**What the task asks**: Pictures aside, copy exactly each line from the one that holds "Three documents signed" through the last line of the records below.

**The data**:
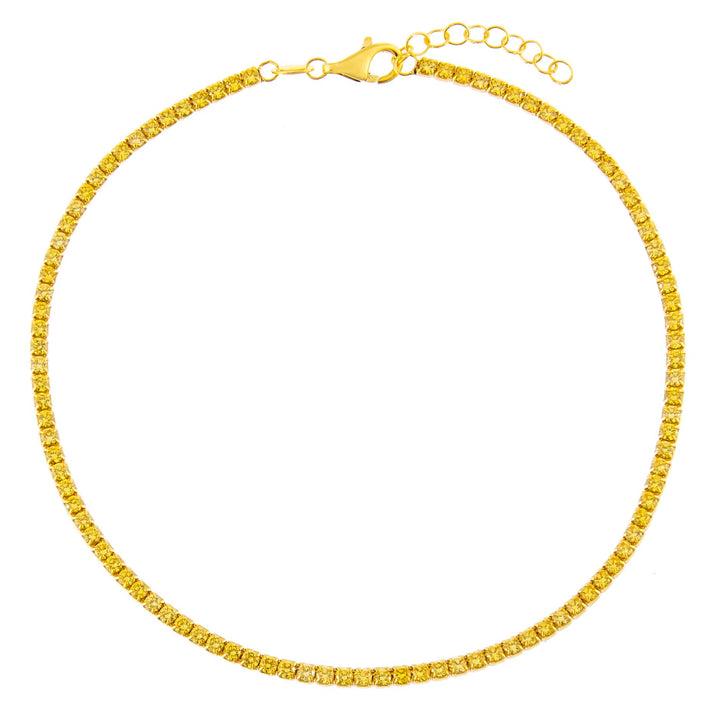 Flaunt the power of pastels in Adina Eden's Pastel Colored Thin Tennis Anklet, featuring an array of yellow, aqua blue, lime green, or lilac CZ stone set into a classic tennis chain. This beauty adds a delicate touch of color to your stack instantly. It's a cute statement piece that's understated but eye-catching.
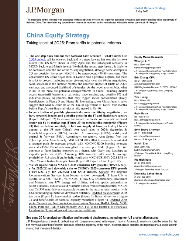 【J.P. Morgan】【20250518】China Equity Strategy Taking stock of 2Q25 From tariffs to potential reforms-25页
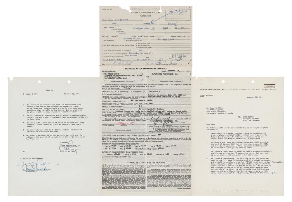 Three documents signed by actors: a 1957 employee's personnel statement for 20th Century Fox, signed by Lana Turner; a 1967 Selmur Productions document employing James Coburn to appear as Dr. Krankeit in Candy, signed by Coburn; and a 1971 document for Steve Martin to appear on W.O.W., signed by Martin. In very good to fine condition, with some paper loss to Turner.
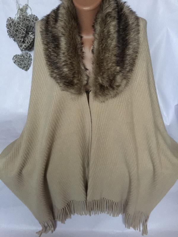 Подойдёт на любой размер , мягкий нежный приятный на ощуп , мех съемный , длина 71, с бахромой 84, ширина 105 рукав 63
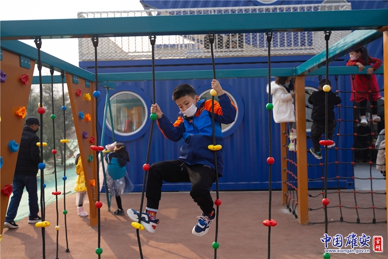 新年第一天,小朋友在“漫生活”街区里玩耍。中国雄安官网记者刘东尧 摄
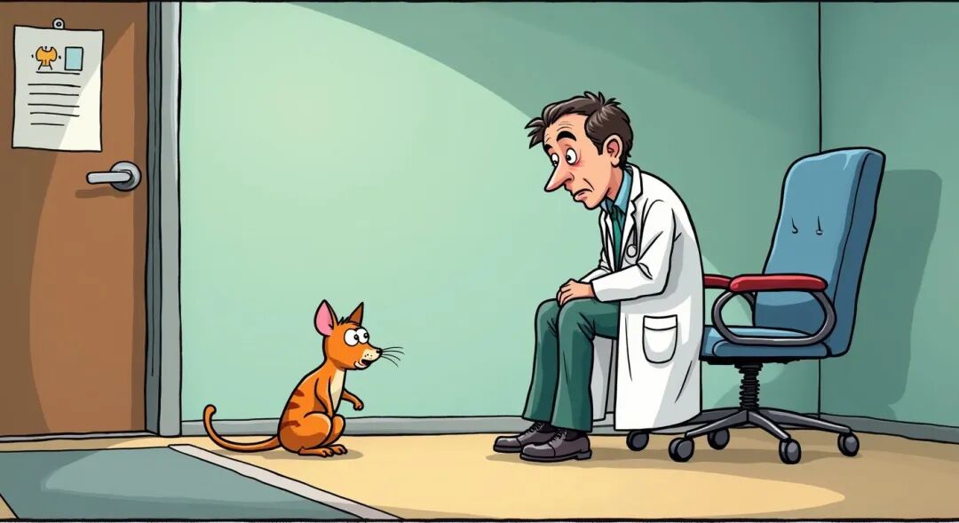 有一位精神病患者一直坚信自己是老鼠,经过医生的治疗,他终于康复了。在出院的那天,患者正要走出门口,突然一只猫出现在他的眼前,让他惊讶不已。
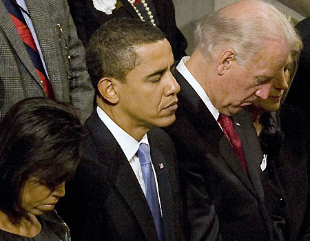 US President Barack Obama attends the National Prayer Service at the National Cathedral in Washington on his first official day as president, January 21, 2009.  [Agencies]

**Expected answer**:
 Three documents signed by actors: a 1957 employee's personnel statement for 20th Century Fox, signed by Lana Turner; a 1967 Selmur Productions document employing James Coburn to appear as Dr. Krankeit in Candy, signed by Coburn; and a 1971 document for Steve Martin to appear on W.O.W., signed by Martin. In very good to fine condition, with some paper loss to Turner.
 Подойдёт на любой размер , мягкий нежный приятный на ощуп , мех съемный , длина 71, с бахромой 84, ширина 105 рукав 63
 新年第一天,小朋友在“漫生活”街区里玩耍。中国雄安官网记者刘东尧 摄
 有一位精神病患者一直坚信自己是老鼠,经过医生的治疗,他终于康复了。在出院的那天,患者正要走出门口,突然一只猫出现在他的眼前,让他惊讶不已。
 US President Barack Obama attends the National Prayer Service at the National Cathedral in Washington on his first official day as president, January 21, 2009.  [Agencies]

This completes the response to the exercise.